Cet article est paru en mandarin dans l’édition européenne du Quotidien du Peuple datée du 11 septembre 2012. 

La Grèce, un petit pays qui représente moins de 3% du PIB de la zone euro avait manipulé pendant des années ses comptes publics. La révélation de cette fraude comptable, fin 2009, a constitué le point de départ d’une crise qui, après la Grèce, a touché l’Irlande, le Portugal, l’Espagne et l’Italie. Ces pays avaient profité de leur adhésion à la zone euro pour financer à crédit leur croissance économique, et accroitre artificiellement le pouvoir d’achat de leurs populations en empruntant toujours plus auprès des banques allemandes et françaises.
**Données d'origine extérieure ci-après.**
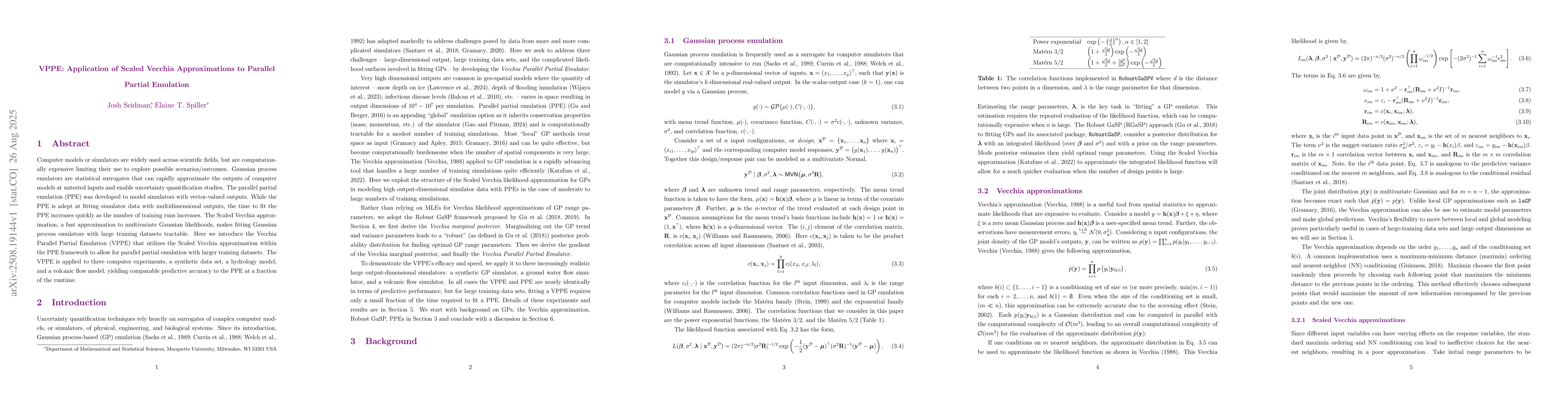 Computer models or simulators are widely used across scientific fields, but are computationally expensive limiting their use to explore possible scenarios/outcomes. Gaussian process emulators are statistical surrogates that can rapidly approximate the outputs of computer models at untested inputs and enable uncertainty quantification studies. The parallel partial emulation (PPE) was developed to model simulators with vector-valued outputs. While the PPE is adept at fitting simulator data with multidimensional outputs, the time to fit the PPE increases quickly as the number of training runs increases. The Scaled Vecchia approximation, a fast approximation to multivariate Gaussian likelihoods, makes fitting Gaussian process emulators with large training datasets tractable. Here we introduce the Vecchia Parallel Partial Emulation (VPPE) that utilizes the Scaled Vecchia approximation within the PPE framework to allow for parallel partial emulation with larger training datasets. The VPPE is applied to three computer experiments, a synthetic data set, a hydrology model, and a volcanic flow model, yielding comparable predictive accuracy to the PPE at a fraction of the runtime.
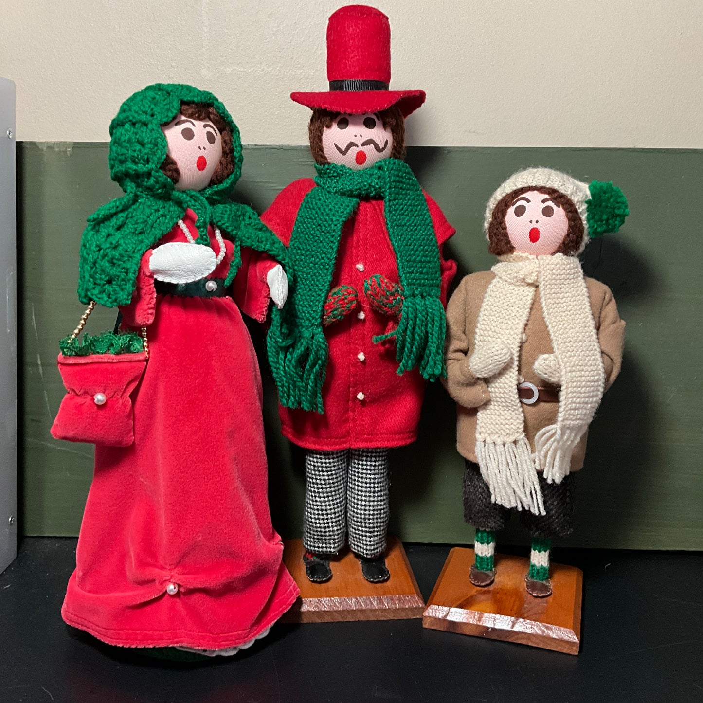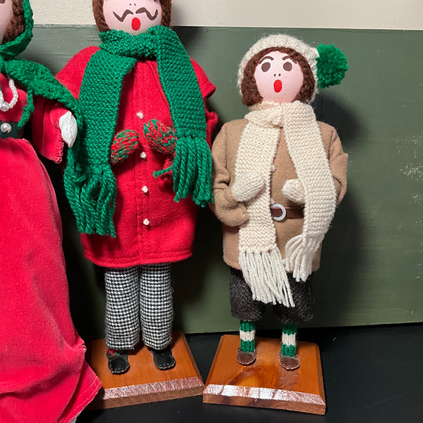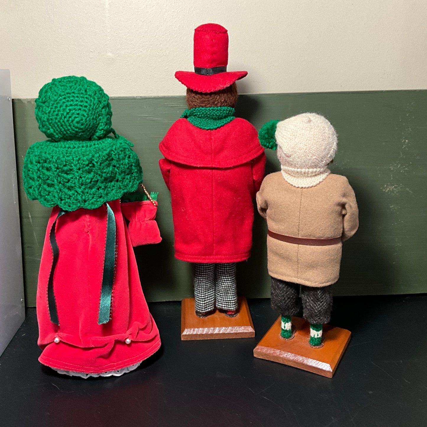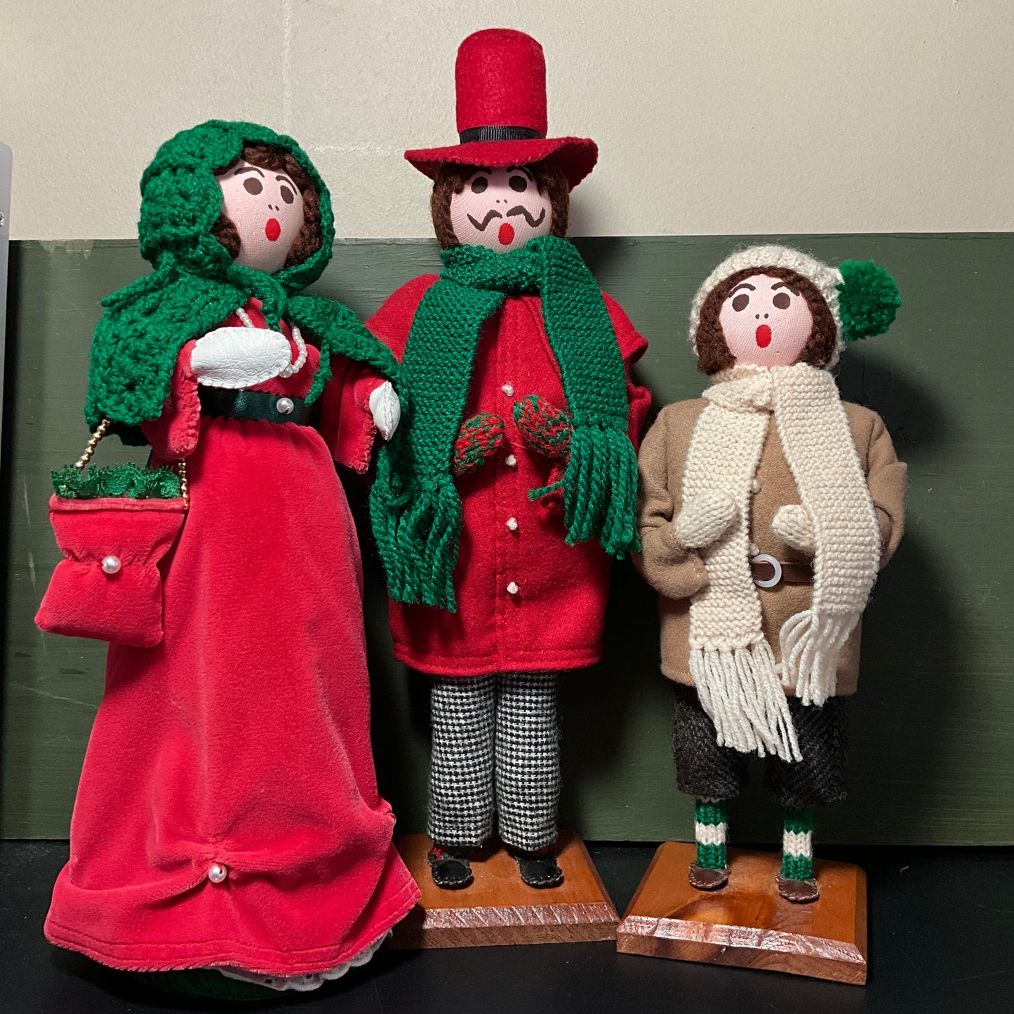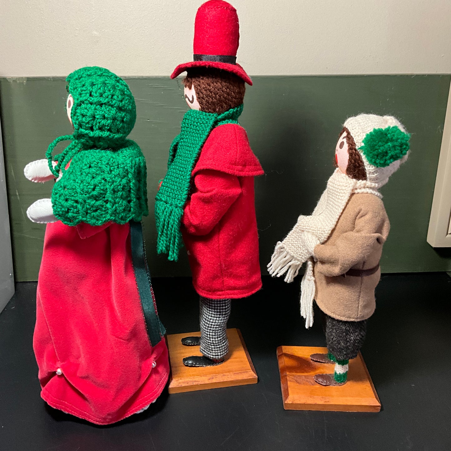 Charming Christmas carolers on wooden pedestals set of 3 handmade vintage collectible figurines
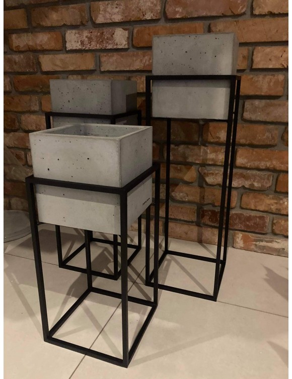 Nowoczesny, metalowy kwietnik, stojak loft z donicą betonową. Piękny minimalistyczny wykonany z czarnego metalu doskonale wkomponuje się w każde loftowe wnętrze. Stojak, donica sprawdzi się również w aranżacjach na tarasie, balkonie czy w biurze. Solidne wykonania sprawi, że przez wiele lat będzie zdobiła Nasze wnętrza. W połączeniu z kwietnikami o różnych rozmiarach stworzy niezwykłe, oryginalne dekoracje w loftowym wnętrzu.
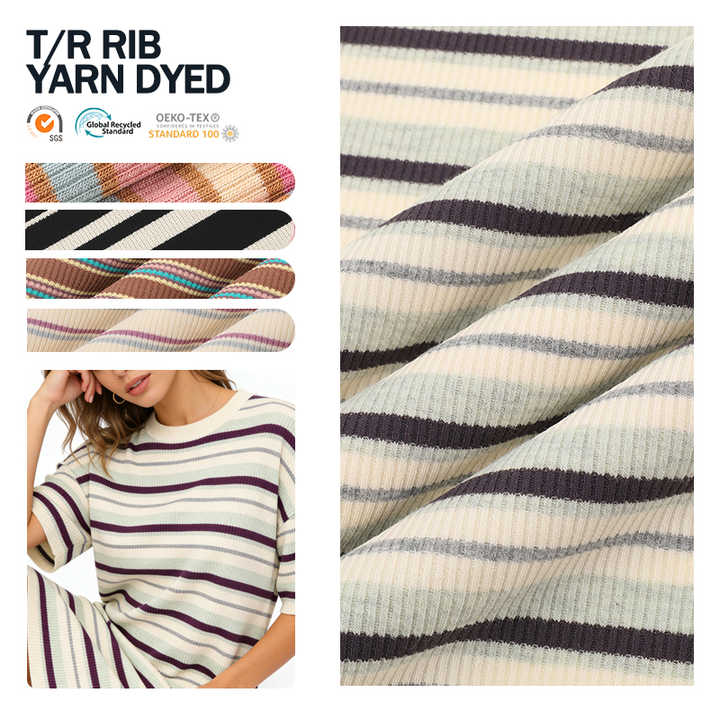 ผ้าถักลายริบยืดหยุ่นเนื้อหนา ผลิตตามสั่ง ขนาด 1*1 1x1 2*1 2*2 3x2 ย้อมเส้นด้าย ลายทาง แบบพอยน์เทล อินเตอร์ล็อค ผสมเรยอนและสแปนเด็กซ์
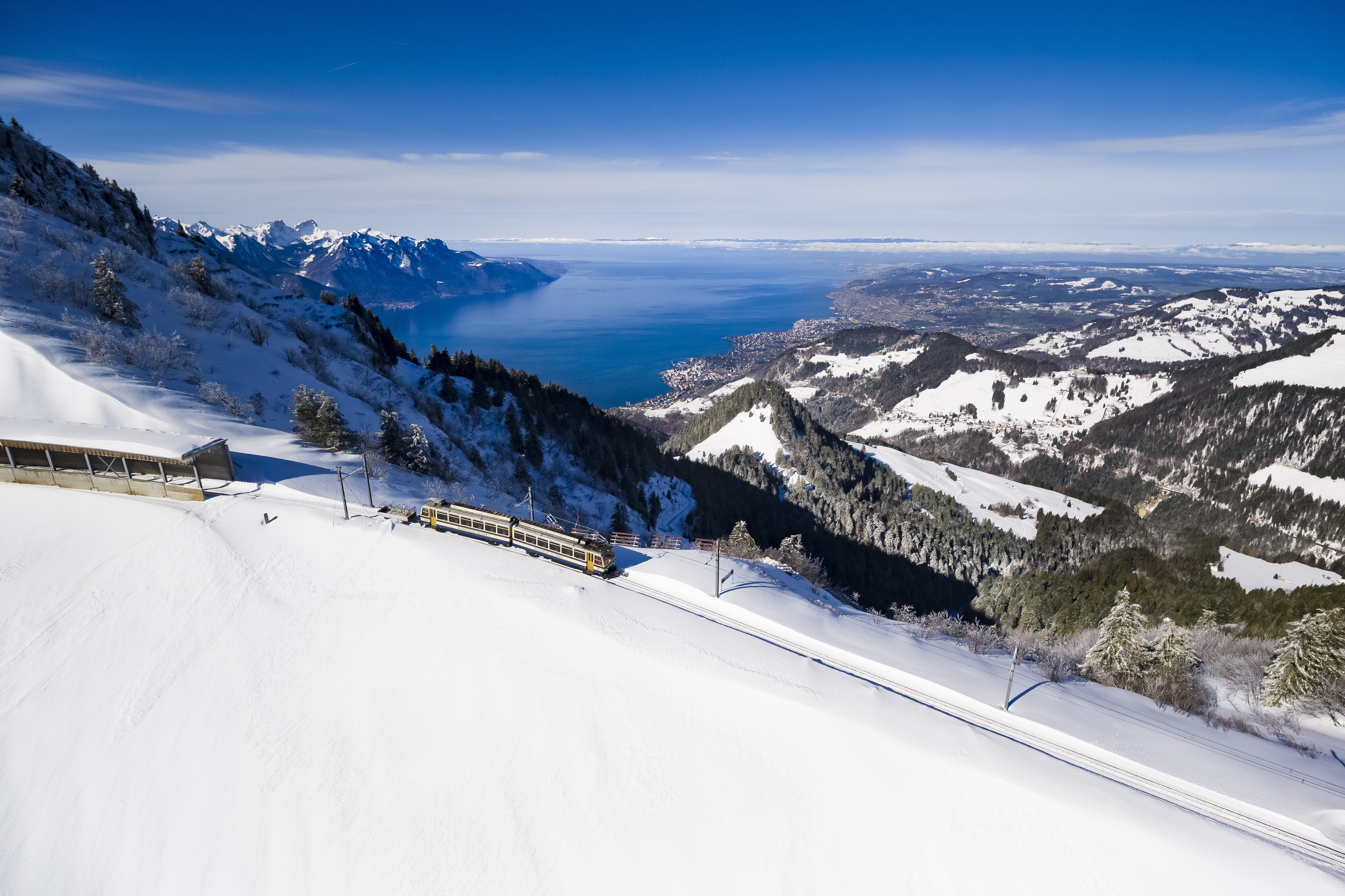Die Bahn auf den Rochers-de-Naye fährt ganzjährig – auch im Winter. Im Dezember nämlich, wohnt der Weihnachtsmann höchstpersönlich auf dem 2’000 Meter hohen Berg.

La crise financière de 2008 a mis fin à cette situation, en provoquant une chute des marchés boursiers et immobiliers et une forte contraction du crédit bancaire dans ces pays. Par la suite, avec la dégradation de la note souveraine de la France par l’agence de notation Standard & Poor’s en janvier 2012, la crise de la dette a menacé d’atteindre le cœur même de la zone euro. Certains analystes et commentateurs ont alors commencé à évoquer ouvertement un éclatement de la zone euro, et un retour aux monnaies nationales : mark allemand, franc français, lire italienne, etc. Mais trois ans après le début de la crise et en dépit de toutes les spéculations, l’euro est toujours là.

La crise de la dette en Europe a des causes à la fois conjoncturelles, – c’est une des conséquences de la crise financière mondiale de 2008 – ; et structurelles, car elle révèle la fragilité institutionnelle et les défauts de conception initiale de la zone euro. L’erreur des dirigeants européens a été de vouloir adopter une monnaie unique sans mettre en place une union politique et budgétaire entre les Etats membres de la zone. C’est pourquoi la sortie de la crise ne peut passer que par l’achèvement de cette union politique et budgétaire. C’est un processus lent et difficile car il faut convaincre chaque Etat membre de renoncer à une part significative de sa souveraineté, dans l’intérêt de tous. Des progrès ont déjà été accomplis dans cette voie. Le nouveau pacte budgétaire signé en janvier 2012 à Bruxelles par les chefs d’Etat de 25 pays européens, à l’initiative de la chancelière allemande Angela Merkel, a posé les bases d’une véritable union budgétaire. Malgré ses insuffisances, notamment en termes de soutien à la croissance, ce nouveau pacte permettra d’éviter des dérapages comme celui de la Grèce, et de mieux contrôler les finances publiques des Etats européens. Il faudra aller plus loin, bien sûr, avec la mutualisation d’une partie des dettes publiques nationales, et la mise en place d’un véritable budget fédéral, doté de ressources fiscales autonomes. Le budget actuel de l’Union européenne ne représente en effet que 1% du PIB européen. La crise actuelle a provoqué une prise de conscience sur la nécessité de renforcer l’Europe.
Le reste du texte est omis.